## [Task instructions]
Reproduce exactly, and solely, the lines running from the top of the data below through the line with "- Default view", both inclusive. Omit pictures.

------ Task data ------

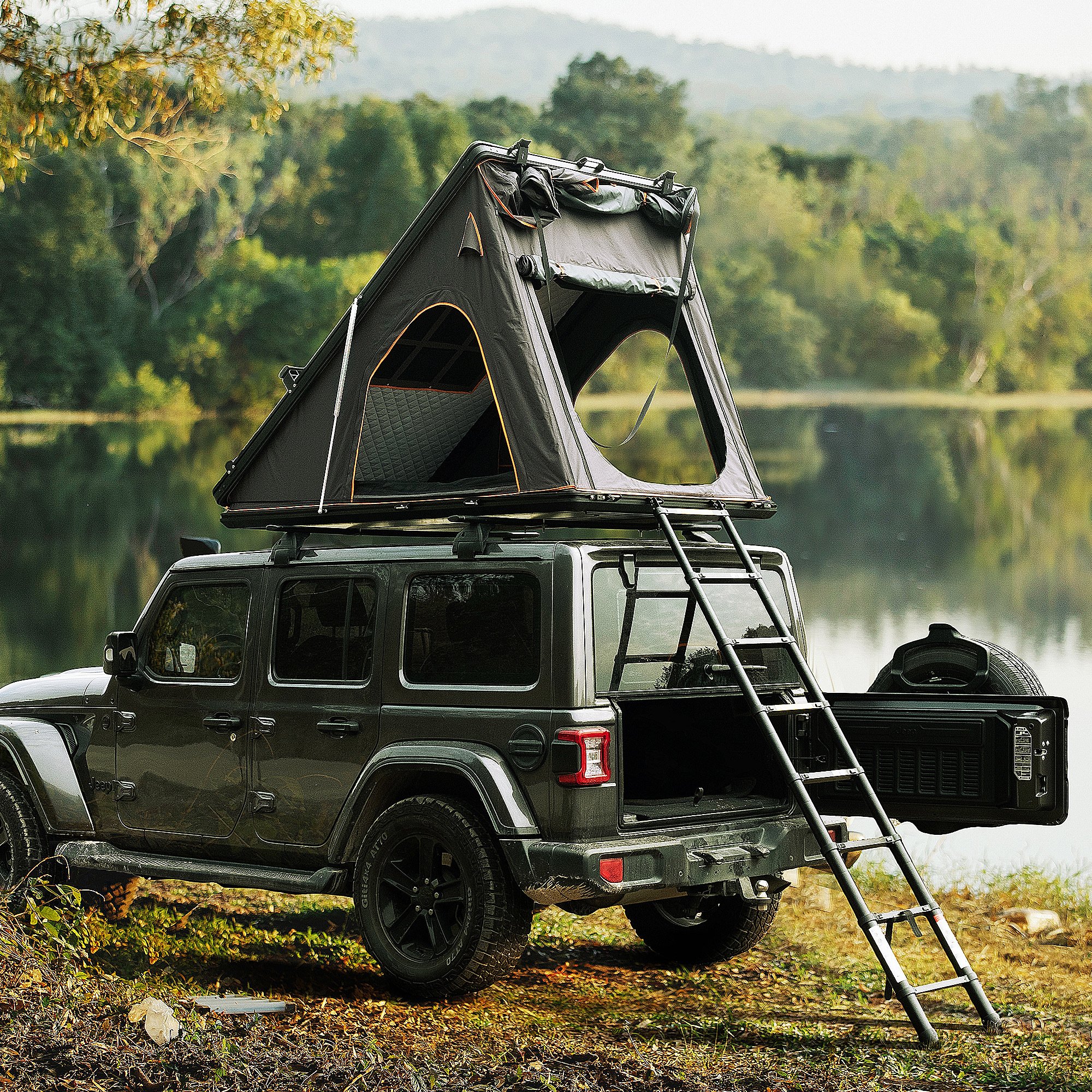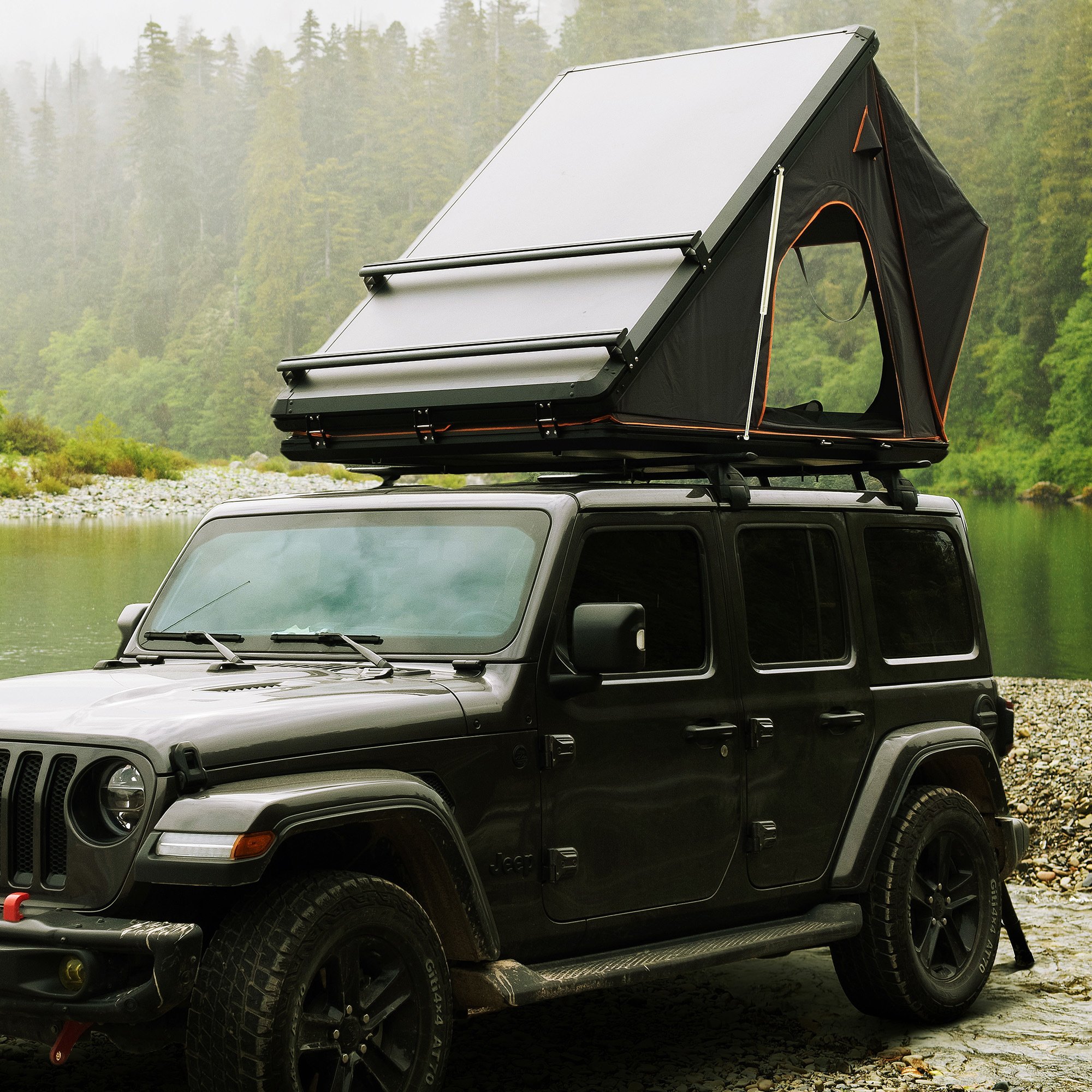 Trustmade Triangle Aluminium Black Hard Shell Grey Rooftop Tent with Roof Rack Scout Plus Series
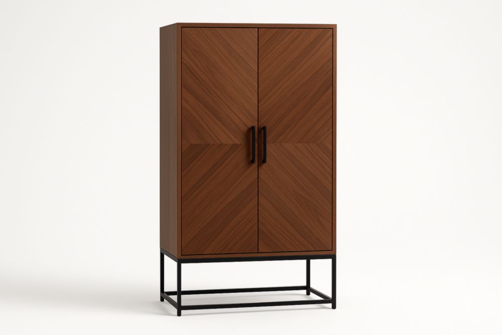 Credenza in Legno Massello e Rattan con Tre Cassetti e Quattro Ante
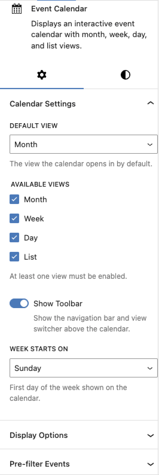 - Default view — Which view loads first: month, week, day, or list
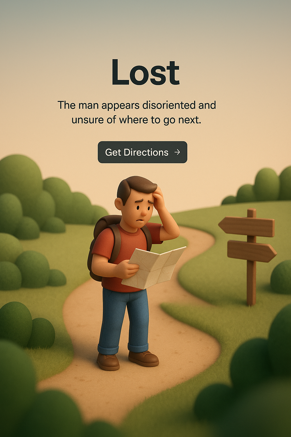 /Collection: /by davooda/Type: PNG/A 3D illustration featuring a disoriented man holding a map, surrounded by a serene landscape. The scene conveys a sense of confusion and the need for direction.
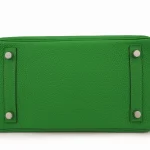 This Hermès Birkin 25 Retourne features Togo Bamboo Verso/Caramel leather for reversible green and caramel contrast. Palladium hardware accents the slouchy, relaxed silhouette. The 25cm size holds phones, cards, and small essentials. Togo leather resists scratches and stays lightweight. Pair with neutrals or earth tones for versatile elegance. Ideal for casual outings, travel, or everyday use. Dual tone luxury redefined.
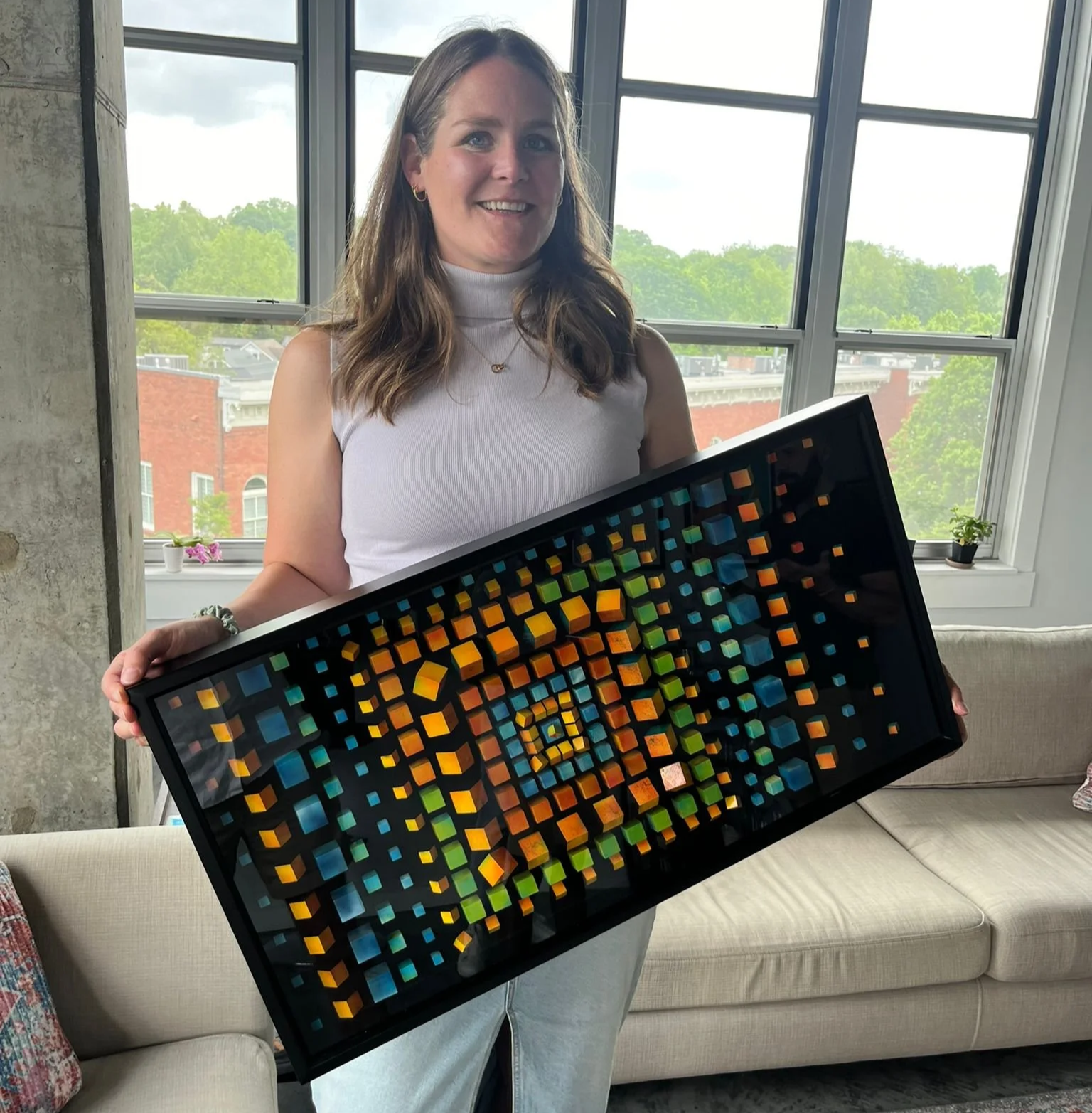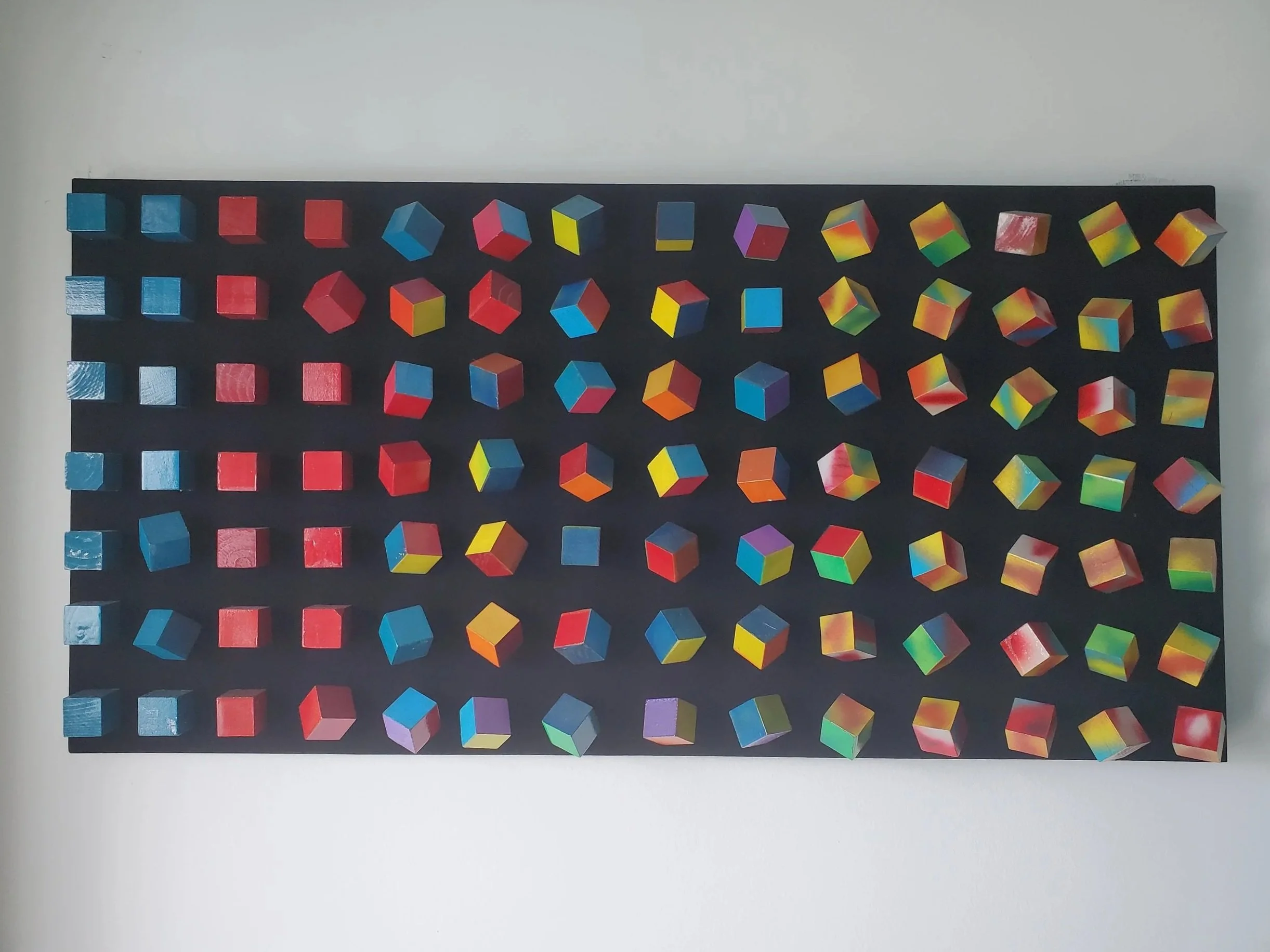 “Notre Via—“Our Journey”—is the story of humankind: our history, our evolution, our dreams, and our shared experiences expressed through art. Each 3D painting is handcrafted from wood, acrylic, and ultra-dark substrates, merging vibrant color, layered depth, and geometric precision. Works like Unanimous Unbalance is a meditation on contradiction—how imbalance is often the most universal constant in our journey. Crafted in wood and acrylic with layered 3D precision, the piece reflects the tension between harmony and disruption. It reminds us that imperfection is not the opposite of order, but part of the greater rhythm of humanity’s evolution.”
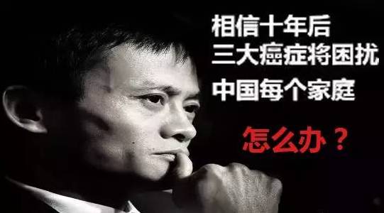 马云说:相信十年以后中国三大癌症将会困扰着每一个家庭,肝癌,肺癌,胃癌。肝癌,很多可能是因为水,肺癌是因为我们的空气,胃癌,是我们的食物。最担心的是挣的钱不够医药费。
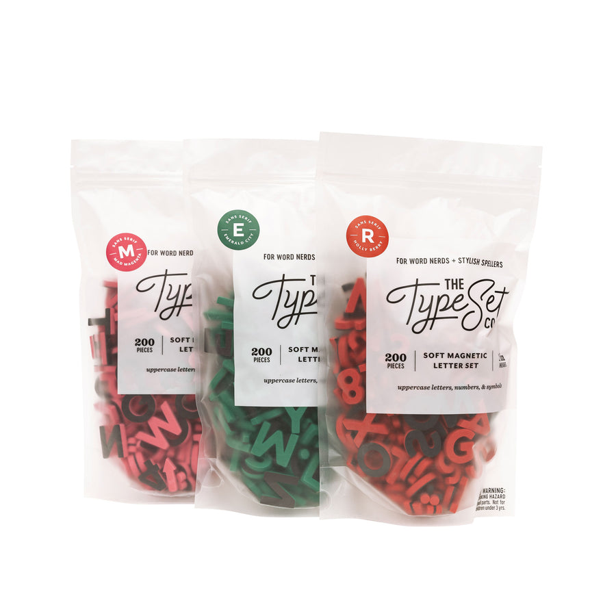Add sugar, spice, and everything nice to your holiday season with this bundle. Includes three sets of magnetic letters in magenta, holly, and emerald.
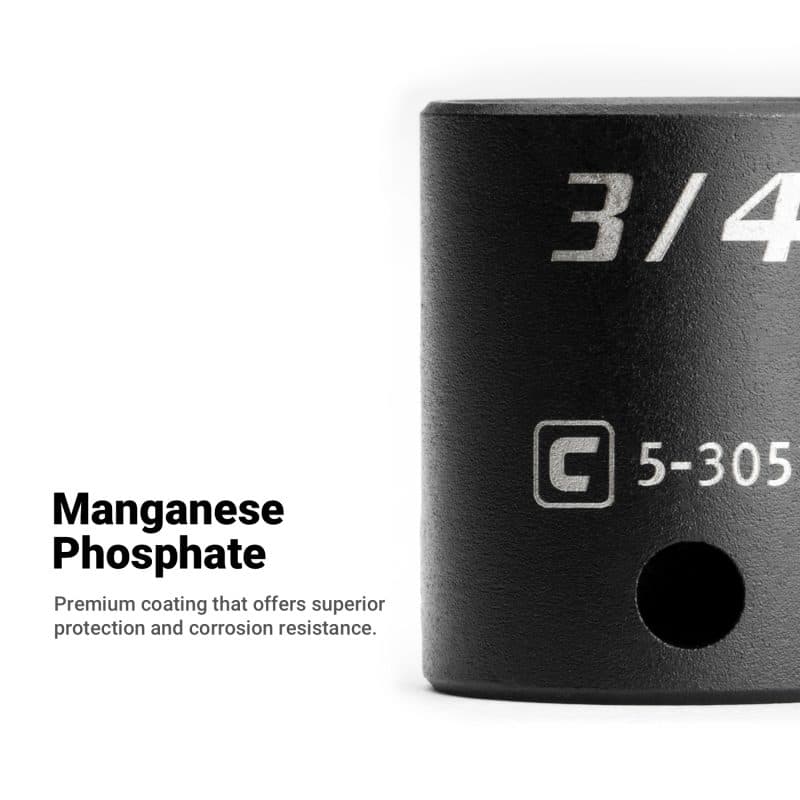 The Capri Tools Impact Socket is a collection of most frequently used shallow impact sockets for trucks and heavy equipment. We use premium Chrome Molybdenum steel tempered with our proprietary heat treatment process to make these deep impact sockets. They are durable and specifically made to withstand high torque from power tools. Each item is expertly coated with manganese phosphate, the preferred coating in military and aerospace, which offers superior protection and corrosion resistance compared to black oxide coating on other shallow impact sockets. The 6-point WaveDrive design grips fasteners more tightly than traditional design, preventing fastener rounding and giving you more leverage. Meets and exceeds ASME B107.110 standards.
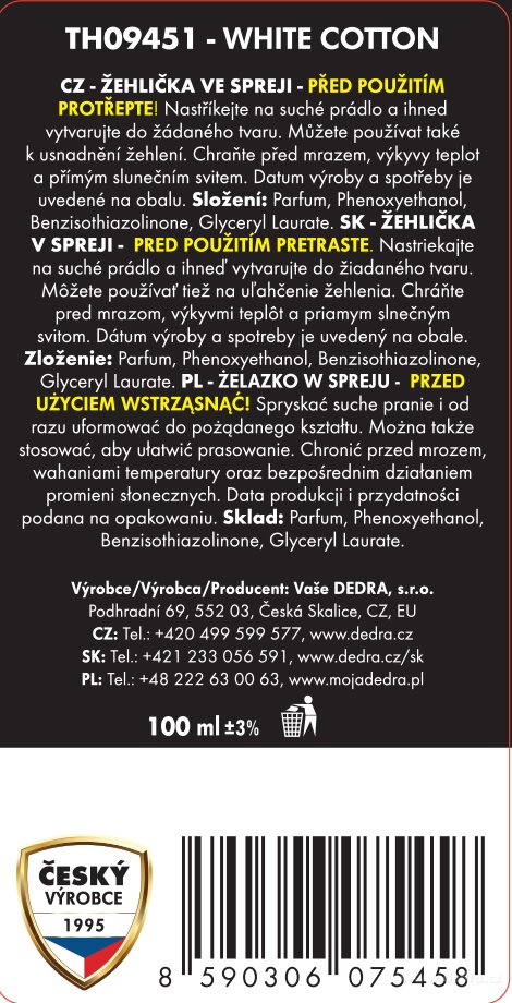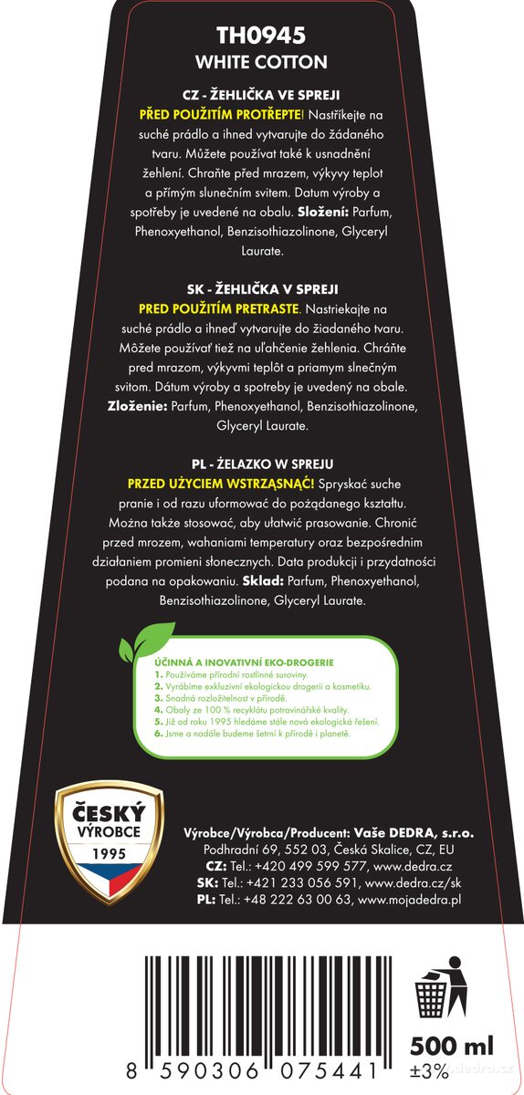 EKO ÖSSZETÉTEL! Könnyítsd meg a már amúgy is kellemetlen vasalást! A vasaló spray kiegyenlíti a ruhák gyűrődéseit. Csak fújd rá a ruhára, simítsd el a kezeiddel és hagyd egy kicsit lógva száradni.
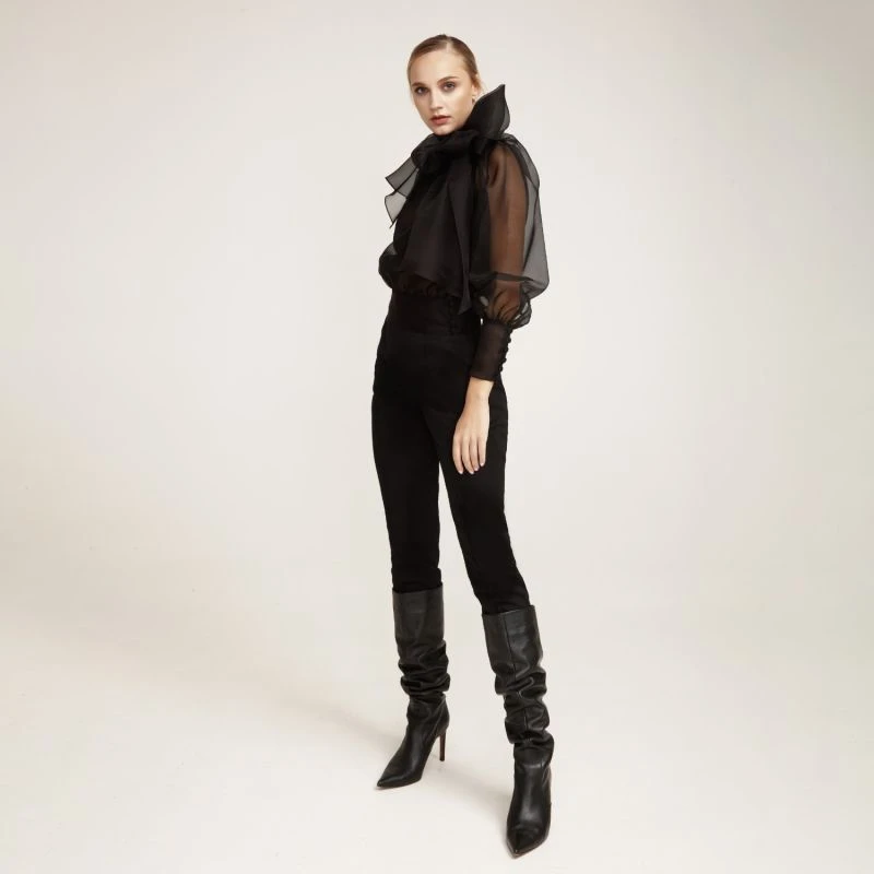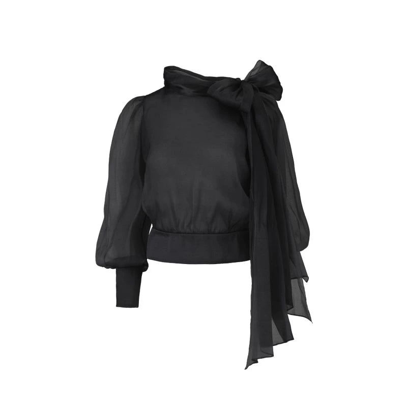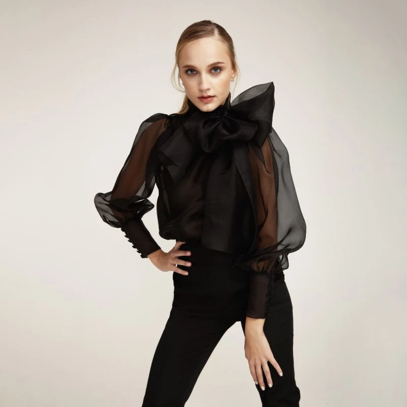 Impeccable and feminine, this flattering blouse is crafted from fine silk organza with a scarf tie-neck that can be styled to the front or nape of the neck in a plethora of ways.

------

## [Task answer]
 Trustmade Triangle Aluminium Black Hard Shell Grey Rooftop Tent with Roof Rack Scout Plus Series
 Credenza in Legno Massello e Rattan con Tre Cassetti e Quattro Ante
 - Default view — Which view loads first: month, week, day, or list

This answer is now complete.